> [REQUIREMENT] At the line containing "Photograph of a", begin an exact copy of the lines below and continue through the final one, with no pictures.

START DATA LISTING

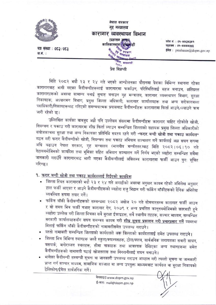 यस्तो छ कारागार विभागको प्रेस विज्ञप्ति
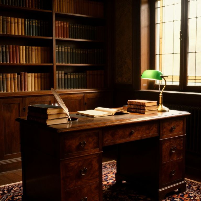 Photograph of a dimly lit, vintage study with a wooden desk in the foreground. The desk holds several stacked books, a closed book with an open bookmark, and a green-shaded desk lamp. In the background, tall bookshelves filled with colored books line the wall, and a window with stained glass allows soft, warm light to filter in. The desk has dark wood with brass handles, and a patterned rug is partially visible beneath it. The overall ambiance is warm, scholarly, and nostalgic.
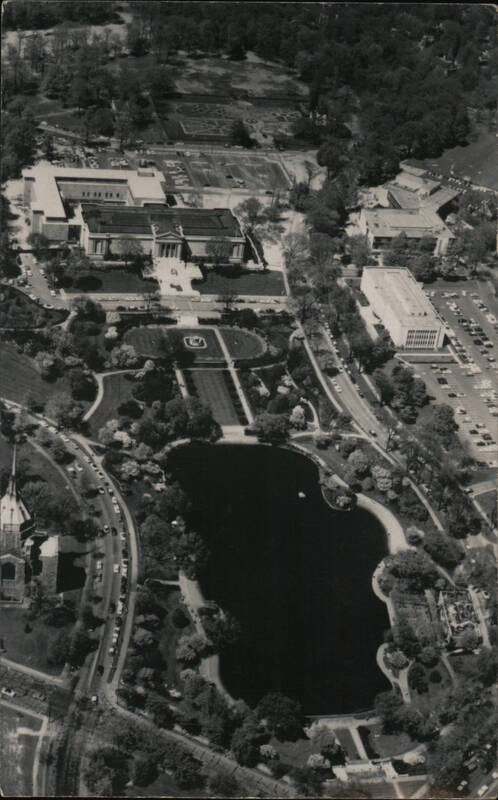 Aerial view of the Cleveland Museum of Art and surrounding area, including Wade Park and Wade Lagoon.
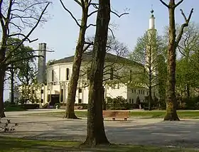 - La Grande mosquée et le Centre islamique, inaugurés en 1978, angle nord-ouest. Le bâtiment d’origine, construit à l’occasion de l’exposition nationale de 1897 par l’architecte Ernest Van Humbeeck dans un style arabisant, abritait une fresque monumentale, le Panorama du Caire. Abandonné ensuite, l’édifice est offert en 1967 par le roi Baudouin au roi Fayçal d’Arabie saoudite qui le fait transformer et restaurer à ses frais par l’architecte tunisien Mongi Boubaker[2].
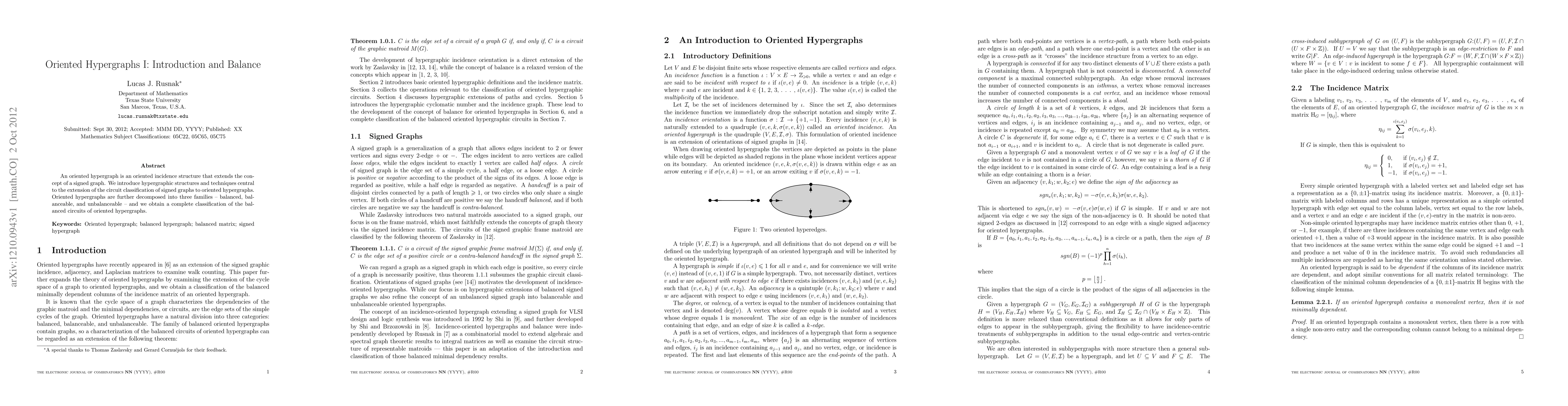 This paper introduces oriented hypergraphs, a mathematical structure that extends signed graphs, and classifies their balanced circuits into three families: balanceable, unbalanceable, and a new concept called balanceable.

END DATA LISTING

> [ANSWER FOR THE TASK]
 Photograph of a dimly lit, vintage study with a wooden desk in the foreground. The desk holds several stacked books, a closed book with an open bookmark, and a green-shaded desk lamp. In the background, tall bookshelves filled with colored books line the wall, and a window with stained glass allows soft, warm light to filter in. The desk has dark wood with brass handles, and a patterned rug is partially visible beneath it. The overall ambiance is warm, scholarly, and nostalgic.
 Aerial view of the Cleveland Museum of Art and surrounding area, including Wade Park and Wade Lagoon.
 - La Grande mosquée et le Centre islamique, inaugurés en 1978, angle nord-ouest. Le bâtiment d’origine, construit à l’occasion de l’exposition nationale de 1897 par l’architecte Ernest Van Humbeeck dans un style arabisant, abritait une fresque monumentale, le Panorama du Caire. Abandonné ensuite, l’édifice est offert en 1967 par le roi Baudouin au roi Fayçal d’Arabie saoudite qui le fait transformer et restaurer à ses frais par l’architecte tunisien Mongi Boubaker[2].
 This paper introduces oriented hypergraphs, a mathematical structure that extends signed graphs, and classifies their balanced circuits into three families: balanceable, unbalanceable, and a new concept called balanceable.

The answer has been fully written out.